Baikal for calendar, todo and contact syncing
Forgejo for version control
Silverbullet for markdown notes
FreshRSS for aggregated news
Linkding for bookmarks
- Gitlab (version control)
- Bookstack (wiki)
- Joplin (not a webapp, but sync server)
- Semaphore (does all of my infra updating via Ansible)
- Uptime-Kuma (monitoring/alerting)
Been thinking about adding NextCloud mostly for the Google Docs/MS Office replacement at some point.
But honestly most of my stuff is just for me, my family prefers to to use whatever commercial thing is out there. So I tend to limit things to infrastructure type things that are of personal interest to me alone.
Gitlab
This guy has a lot of memory in his server
It is allotted 16GB out of the 62GB total that the host has. Which is the amount their docs call for in a 20 RPS or 1000 user scenario. Since I am the only one doing any commits or pulls, it does fine.
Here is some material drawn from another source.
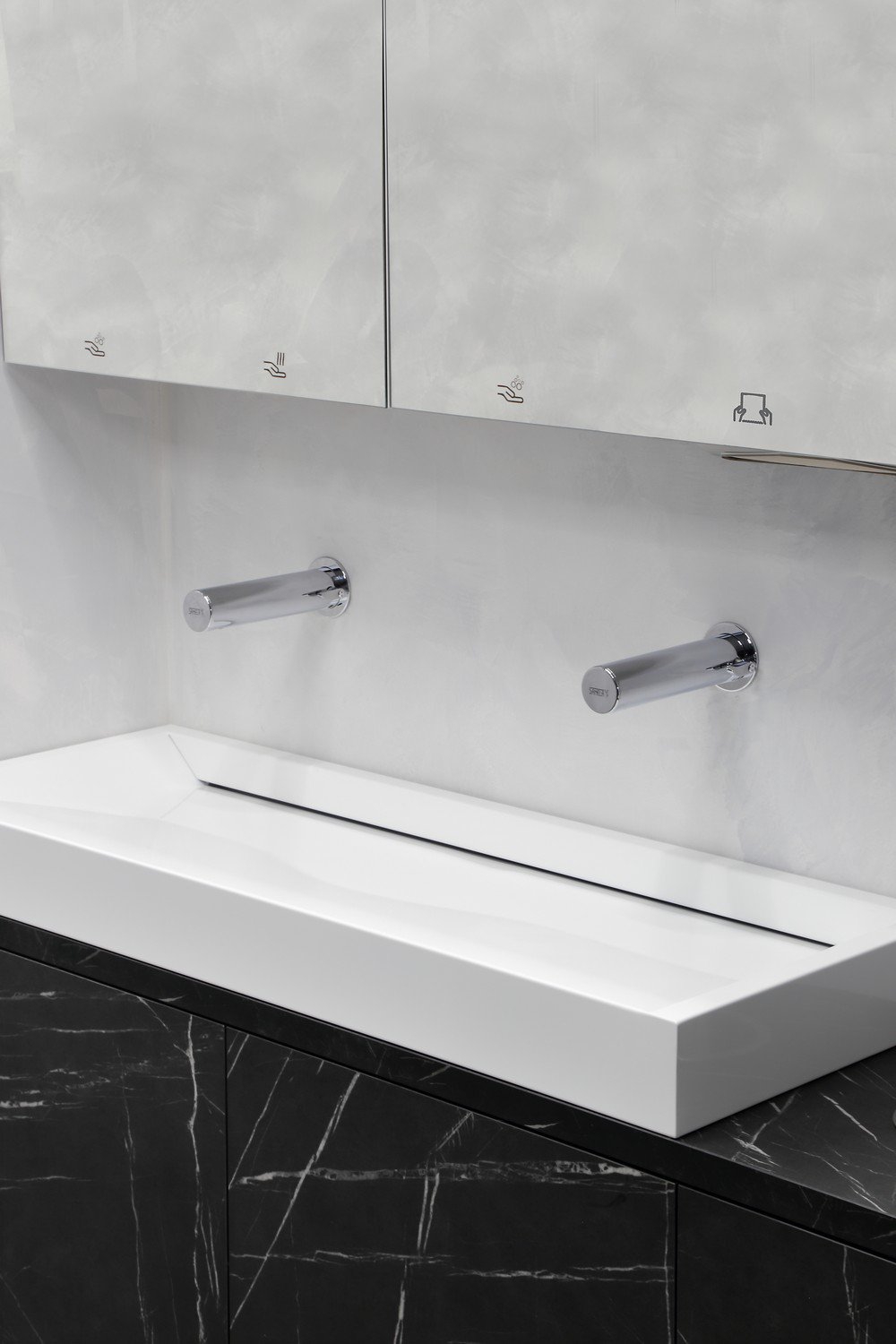 - one dose of soap is flowing as hands are in the active range under the mirror (can be set in range 1,3 - 13 s), standard 2,6 s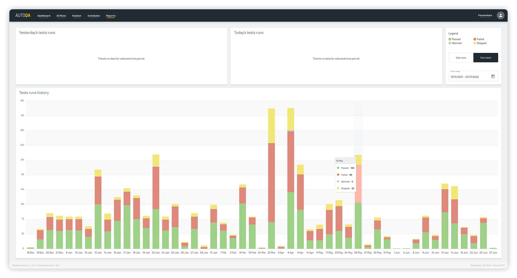 Report overview of all test runs conducted in a period of time including tests which have been passed, failed, skipped and aborted.

Does take its sweet time to reboot though. 😆
Wow, I would never considering allocating so much memory to a single service I run at home.
- Forgejo - git hosting
- actual budget - spending tracking mostly
- Vaultwarden
- home assistant - still configuring
I randomly think about something I want, and then usually find it here. Used to be a GitHub repo, but it got so popular and useful they got a nice site with search and all, now.
https://awesome-selfhosted.net/
I don’t have as much running anymore outside media/games, but I do still run Stirling PDF as an Acrobat Pro alternative.